Not only did millions of Black people persevere for more than two hundred years of enslavement, they fought to kill off the institution of slavery, eventually doing so through their participation in the Civil War and the Reconstruction period of the 1860s and 1870s. With the Reconstruction Amendments to the U.S. Constitution, Blacks won the right to citizenship and the right to vote (for men). They then fought through another nearly one hundred years of racist oppression during the Jim Crow Era, when those legal rights were ignored in an orgy of racist violence and oppression.

Beginning in the 1940s, the Black freedom movement again surged forward in a mass movement that culminated in many gains during the 1960s. This huge movement forced politicians to legally protect the rights they already supposedly had. They won passage of the Civil Rights Act of 1964 and the Voting Rights Act of 1965, both of which protected the rights enshrined in the 14th and 15th Amendments. They battered down the walls of segregation, advancing their rights to education, housing, health care and more, forcing the federal government to support social services that benefited not only Black people, but millions of other working-class people. They protested and took over college buildings just to have their history recognized and taught.

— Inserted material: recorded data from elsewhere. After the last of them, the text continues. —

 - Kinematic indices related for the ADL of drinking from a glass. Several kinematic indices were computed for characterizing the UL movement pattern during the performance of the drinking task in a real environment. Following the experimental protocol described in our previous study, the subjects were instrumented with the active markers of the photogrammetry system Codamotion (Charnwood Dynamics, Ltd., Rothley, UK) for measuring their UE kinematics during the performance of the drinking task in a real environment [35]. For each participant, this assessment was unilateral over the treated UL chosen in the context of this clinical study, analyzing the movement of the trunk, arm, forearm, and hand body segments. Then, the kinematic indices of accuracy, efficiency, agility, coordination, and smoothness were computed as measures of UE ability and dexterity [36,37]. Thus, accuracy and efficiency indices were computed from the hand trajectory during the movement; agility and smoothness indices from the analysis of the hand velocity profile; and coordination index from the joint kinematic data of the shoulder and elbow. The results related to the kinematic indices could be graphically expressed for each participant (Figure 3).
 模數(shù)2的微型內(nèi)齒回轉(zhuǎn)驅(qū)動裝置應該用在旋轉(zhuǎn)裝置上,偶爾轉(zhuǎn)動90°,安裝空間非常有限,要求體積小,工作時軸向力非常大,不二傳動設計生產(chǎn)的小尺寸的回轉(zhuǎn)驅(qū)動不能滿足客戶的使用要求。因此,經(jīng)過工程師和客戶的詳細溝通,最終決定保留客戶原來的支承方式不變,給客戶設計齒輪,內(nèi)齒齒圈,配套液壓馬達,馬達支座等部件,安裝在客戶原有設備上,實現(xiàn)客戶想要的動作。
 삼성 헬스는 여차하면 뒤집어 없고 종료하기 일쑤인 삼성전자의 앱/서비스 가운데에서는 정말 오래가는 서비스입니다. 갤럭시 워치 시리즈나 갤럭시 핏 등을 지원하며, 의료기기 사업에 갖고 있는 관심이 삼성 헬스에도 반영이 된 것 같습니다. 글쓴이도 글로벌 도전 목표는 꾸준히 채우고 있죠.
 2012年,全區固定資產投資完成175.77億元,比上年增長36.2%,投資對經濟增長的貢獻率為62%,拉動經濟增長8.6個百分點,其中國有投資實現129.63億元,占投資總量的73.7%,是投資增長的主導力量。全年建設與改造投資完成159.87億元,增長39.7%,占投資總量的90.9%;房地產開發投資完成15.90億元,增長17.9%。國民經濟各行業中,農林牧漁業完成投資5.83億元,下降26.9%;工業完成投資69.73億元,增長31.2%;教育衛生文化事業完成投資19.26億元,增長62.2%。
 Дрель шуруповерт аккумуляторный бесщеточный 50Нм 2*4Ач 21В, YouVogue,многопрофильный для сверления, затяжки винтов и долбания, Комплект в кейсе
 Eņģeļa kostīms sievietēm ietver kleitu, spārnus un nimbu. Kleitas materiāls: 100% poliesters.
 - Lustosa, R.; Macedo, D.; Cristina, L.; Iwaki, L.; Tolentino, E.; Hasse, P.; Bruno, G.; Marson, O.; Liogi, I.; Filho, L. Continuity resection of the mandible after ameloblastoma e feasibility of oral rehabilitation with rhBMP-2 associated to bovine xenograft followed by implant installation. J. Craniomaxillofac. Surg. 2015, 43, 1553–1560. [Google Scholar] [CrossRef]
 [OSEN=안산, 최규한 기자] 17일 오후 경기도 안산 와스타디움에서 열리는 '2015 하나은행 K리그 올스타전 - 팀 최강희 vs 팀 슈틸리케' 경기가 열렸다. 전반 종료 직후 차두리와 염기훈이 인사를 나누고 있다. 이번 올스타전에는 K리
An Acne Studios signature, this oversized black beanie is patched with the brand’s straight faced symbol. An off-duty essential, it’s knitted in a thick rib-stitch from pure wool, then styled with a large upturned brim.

But as we live Black History Month in 2025, reactionary forces within the U.S. are roaring back with a vengeance and threaten to take back the advances that have been won. The Trump administration represents a sickening backlash against the gains made by Black people over the decades, but also against the social advances of the 1960s as a whole. Under Trump, racist people and actions are no longer hidden, but are out in the open for all to see.

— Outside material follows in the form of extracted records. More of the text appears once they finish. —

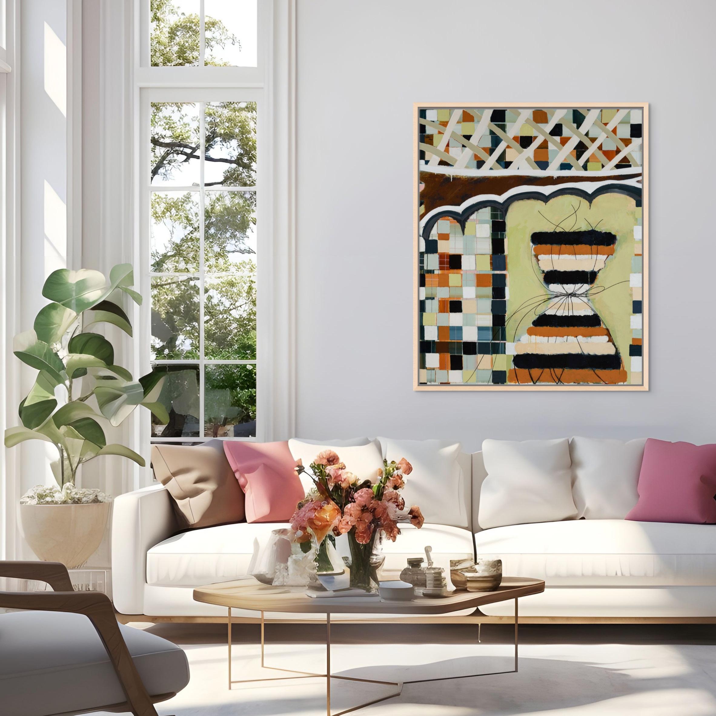 Alli Gerrish is a multimedia artist based in Boulder, Colorado. Over the past two decades, Gerrish’s extensive body of work has spanned painting, digital painting, prints, video, and narrative voiceover. Drawing inspiration from modern masters such as Elaine DeKooning and Cy Twombly, as well as contemporary icons like Amy Sillman and Terry Winters, Gerrish’s art articulates the multifaceted process of metamorphosis and transformation. Her work serves as a dynamic journal, translating energy and encoding iconography into abstract compositions of what Gerrish terms ‘artimation.’ Utilizing simple geometric shapes, soft patterns, and delicate tones, her work evokes a sense of relaxation and comfort. Stripes, circles, and ellipses gently connect and intertwine, creating a serene visual experience. A recurring motif in her paintings is the hourglass shape, symbolizing the artist herself. This decidedly feminine form represents the transformation of personal and societal vulnerabilities into visions of a brighter future dominated by joy and positivity. Gerrish’s unique creative process combines personal narrative with visual storytelling, showcasing the ongoing evolution of her artistic expression.
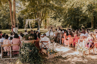 Lors de la cérémonie laïque, les chaises en bois, les compositions florales naturelles et les éléments décoratifs apportaient une touche à la fois élégante et authentique. La salle de réception mêlait quant à elle le charme de la pierre à une décoration chaleureuse, sublimée par une lumière douce et une mise en table raffinée, offrant un cadre convivial et accueillant.
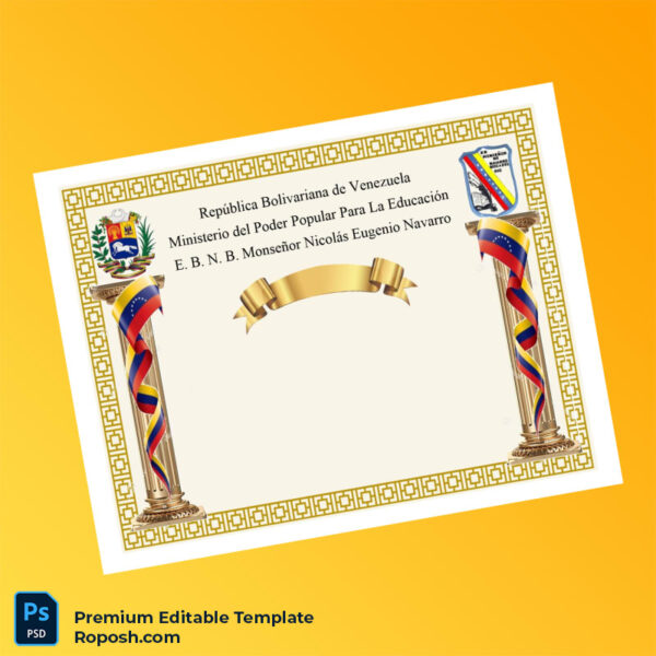 Explore our Venezuela E. B. N. B. Monseñor Nicolás Eugenio Navarro High School Diploma template for a trustworthy, editable diploma solution compatible with common editing tools and printable with sharp clarity.
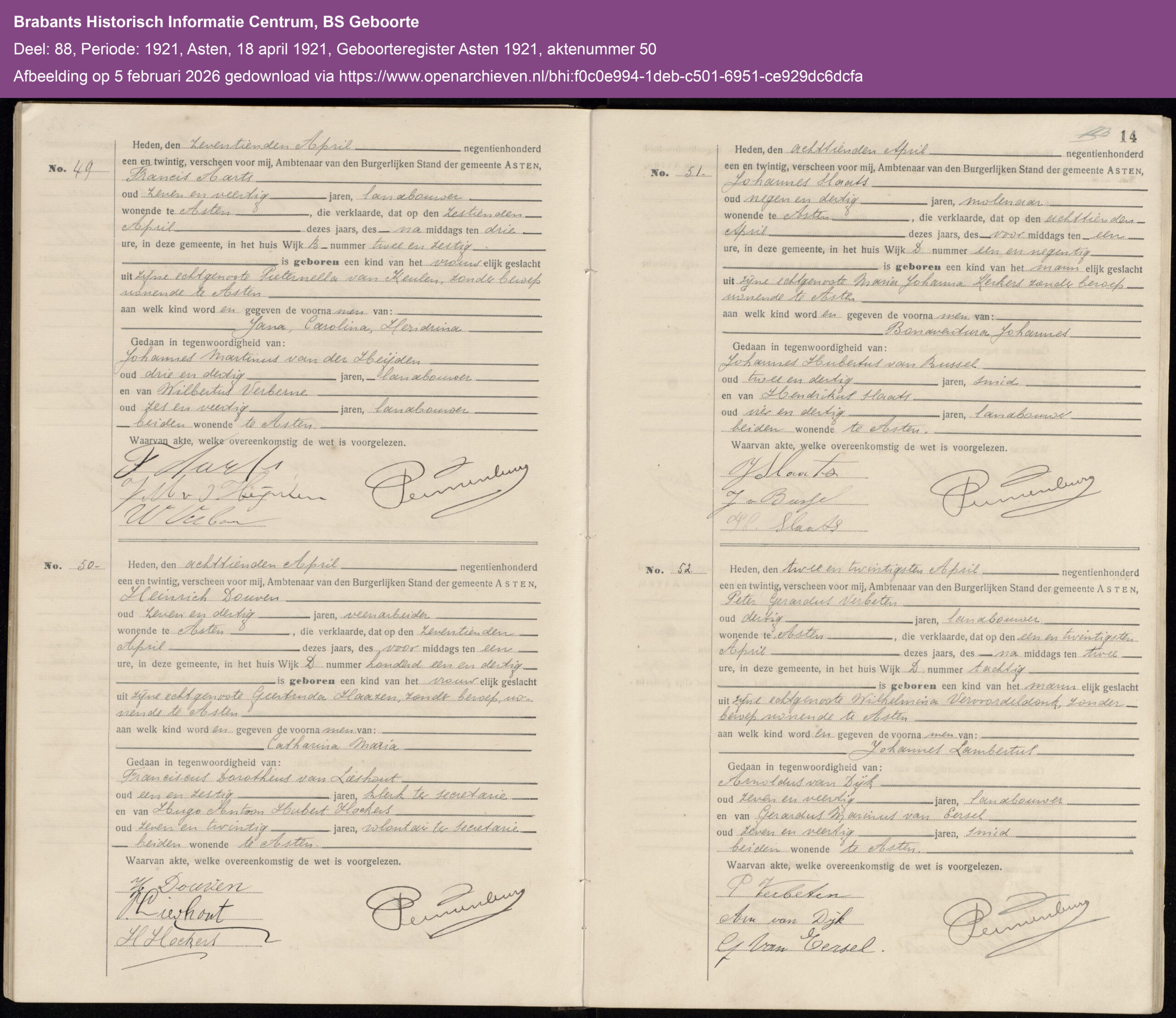 Getuigen: Feanciscus Dorotheus van Lieshout, 61 jaar oud, klerk ter secretarie uit Asten en Hugo Antoon Hubert Hoeber, 27 jaar oud, volontair ter secretarie uit Asten.

It’s become clear that at least some of the voter suppression tactics that Republicans built up and developed in recent years, particularly in southern and “red” states, have had some effect. Not only did controversial purges of voting rolls take place and numerous restrictive voting laws take effect, but redistricting in at least a handful of states led to loss of weight for the votes of Black and working people. One estimate argues that if all the votes lost due to these factors are taken into account, Trump would have lost the popular vote by more than three million votes and also lost the key swing states of Wisconsin, Michigan and Pennsylvania, shifting the victory to Kamala Harris. We are seeing the return of Jim Crow tactics in the 21st Century.

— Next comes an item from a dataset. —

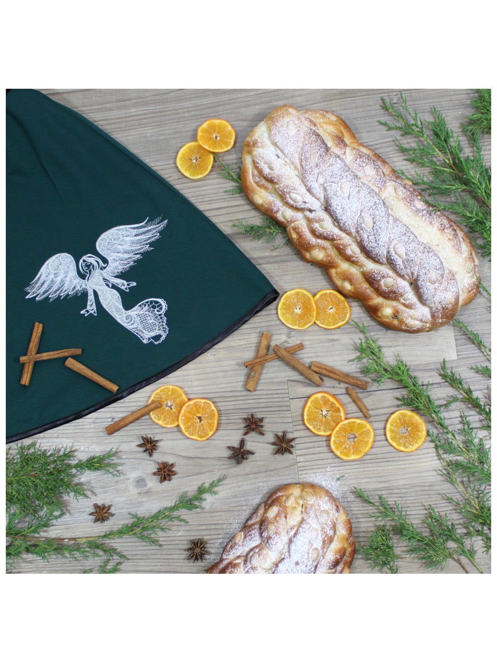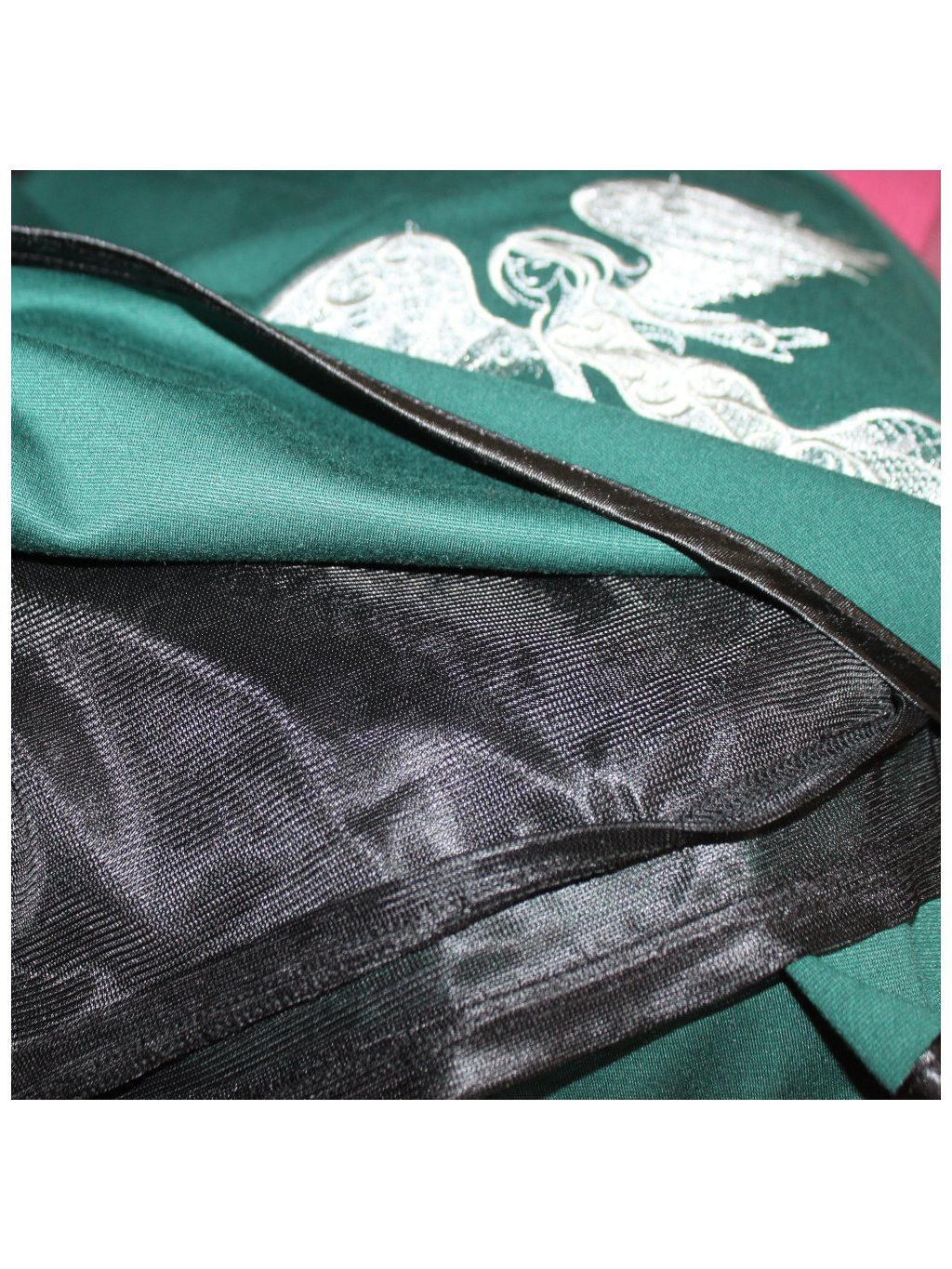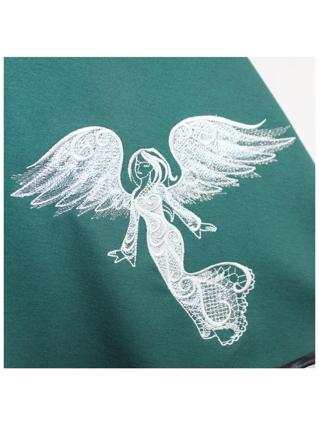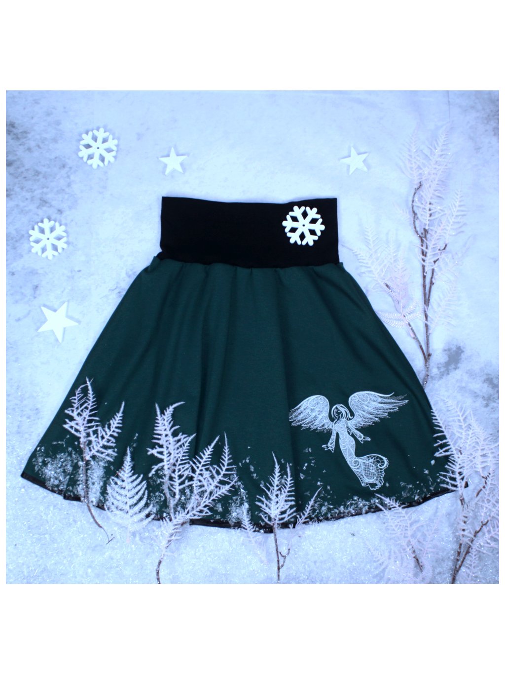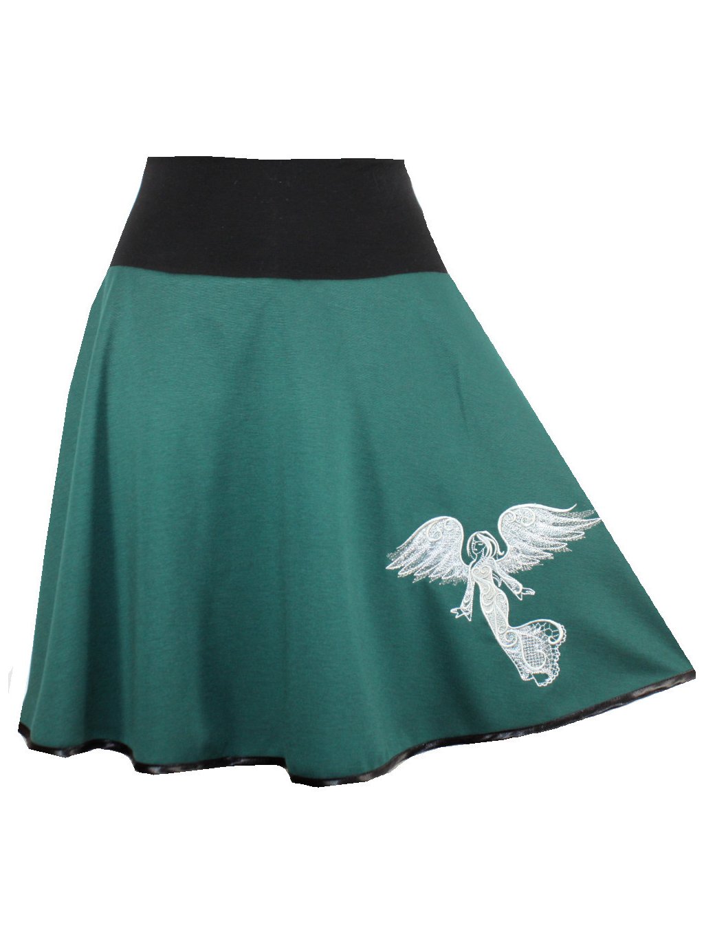Tmavě zelená půlkolová sukně s výšivkou, lem, anděl

During his Black History Month address, Trump mentioned none of the above accomplishments of Black people’s freedom struggles. Instead he only briefly mentioned Frederick Douglass and Harriet Tubman, only to then insult their struggles by mentioning two of today’s Black conservatives, Thomas Sowell and Clarence Thomas, both of whom work to roll back the gains Black people have won and defend the privileges of the billionaires and their system.

During his campaign for President, Trump and his minions regularly used racist clichés to encourage racist sentiment among the population. By calling Black officials “DEI (diversity, equity, and inclusion) hires” they promoted the idea that almost any Black person in almost any job is undeserving and there not because they are qualified, but because supposedly more qualified white people were discriminated against. By claiming that Haitians eat household pets, they encouraged the view that Black people and immigrants are savage and almost inhuman.

In the first hours of his presidency, Trump signed an executive order to end birthright citizenship for children of immigrant non-citizens, directly contradicting the right Black Americans won with the 14th Amendment!

The Department of Education has been handed over to a wrestling business billionaire for destruction, which will mean less support for education nationwide and will give a greenlight to more attacks on the honest teaching of Black history and history more generally. The very history that Black students fought just to be able to learn is now under attack as divisive and un-American.

Trump and Elon Musk are working overtime to cut billions of dollars in spending that is needed to provide education, health care, and other social services that working Black people and so many others need so desperately. This includes slashing the federal workforce, which will hurt hundreds of thousands of Black workers who work for the government. They are also attacking union rights, one of the primary vehicles for defense of Black working people.

Trump has appointed and hired high level officials who are openly racist. Pete Hegseth, the new Secretary of Defense, is a white nationalist who has reportedly chanted, “Kill all Muslims!” Darren Beattie, who Trump appointed as an undersecretary in the State Department, has tweeted that “competent white men must be in charge if you want things to work.” Their hatred couldn’t be clearer.

These actions of the Trump administration are not only attacks on all of the progress made by the people of the United States over the past decades, they are direct attacks on the gains made by Black people and their centuries-long struggles for freedom. They remind us that the struggle isn’t over, and in fact a new phase of the struggle will be necessary just to defend what we have. We know the struggle will be difficult. But we can take inspiration from the tenacity and perseverance of the many examples handed down to us from Black history.